• [Task prompt]:
Without any pictures, restate the full set of records below exactly.

• [Exercise data]:

• • • •

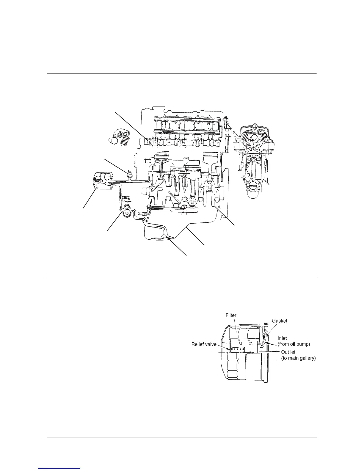 fed to the cylinder blocks and cylinder head.
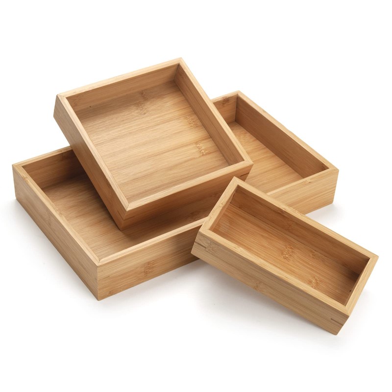 - Size: Set of 3 bamboo basket trays. S: 20 x 10 x 5 cm (7.9 x 3.9 x 2 inch) M: 20 x 20 x 5 cm (7.9 x 7.9 x 2 inch) L: 37 x 23 x 6 cm (14.6 x 9.1 x 2.4 inch), different size and shape baskets meet your different storage needs.
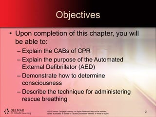 This document provides information and instructions on performing cardiopulmonary resuscitation (CPR). It begins by listing the chapter objectives, which include explaining the components and techniques of CPR for adults, children and infants. The document then discusses cardiac arrest and how CPR aims to restore circulation and breathing through chest compressions and rescue breathing. It provides detailed instructions on assessing consciousness, checking a pulse, administering chest compressions and rescue breaths. The techniques are described for both one-person and two-person CPR. It emphasizes the importance of early defibrillation using an automated external defibrillator when available.
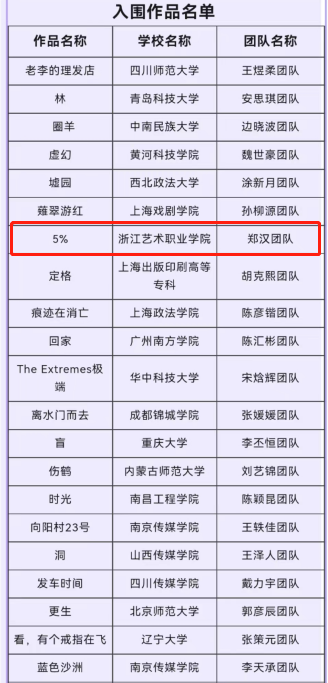 近日,由浙艺戏剧影视学院摄影摄像技术专业教师孙国虎指导,2019级摄影摄像技术专业学生郑汉、陈昱帆、傅晓琦、厉楠、陈凯琦等创作的实验短片《5%》,荣获第十九届广州大学生电影展“追梦路上”原创特别单元“优秀作品”,第五届极光之夜·大学生微电影节“最佳摄影”“最佳音效”提名。
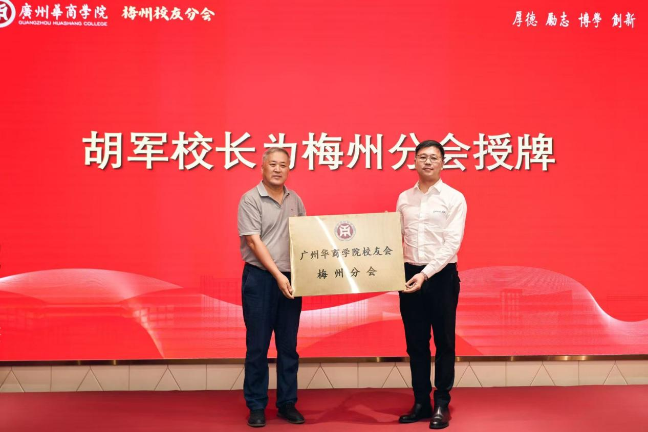授牌仪式环节,胡军校长将“新伟德国际1946校友会梅州分会”牌匾交予邓思聪会长,标志梅州校友拥有正式“精神家园”与“联络平台”。胡军校长叮嘱,希望牌匾成为分会的“精神坐标”,凝聚校友力量反哺母校、服务地方。

• • • •

• [Result of this exercise]:
 fed to the cylinder blocks and cylinder head.
 - Size: Set of 3 bamboo basket trays. S: 20 x 10 x 5 cm (7.9 x 3.9 x 2 inch) M: 20 x 20 x 5 cm (7.9 x 7.9 x 2 inch) L: 37 x 23 x 6 cm (14.6 x 9.1 x 2.4 inch), different size and shape baskets meet your different storage needs.
 This document provides information and instructions on performing cardiopulmonary resuscitation (CPR). It begins by listing the chapter objectives, which include explaining the components and techniques of CPR for adults, children and infants. The document then discusses cardiac arrest and how CPR aims to restore circulation and breathing through chest compressions and rescue breathing. It provides detailed instructions on assessing consciousness, checking a pulse, administering chest compressions and rescue breaths. The techniques are described for both one-person and two-person CPR. It emphasizes the importance of early defibrillation using an automated external defibrillator when available.
 近日,由浙艺戏剧影视学院摄影摄像技术专业教师孙国虎指导,2019级摄影摄像技术专业学生郑汉、陈昱帆、傅晓琦、厉楠、陈凯琦等创作的实验短片《5%》,荣获第十九届广州大学生电影展“追梦路上”原创特别单元“优秀作品”,第五届极光之夜·大学生微电影节“最佳摄影”“最佳音效”提名。
授牌仪式环节,胡军校长将“新伟德国际1946校友会梅州分会”牌匾交予邓思聪会长,标志梅州校友拥有正式“精神家园”与“联络平台”。胡军校长叮嘱,希望牌匾成为分会的“精神坐标”,凝聚校友力量反哺母校、服务地方。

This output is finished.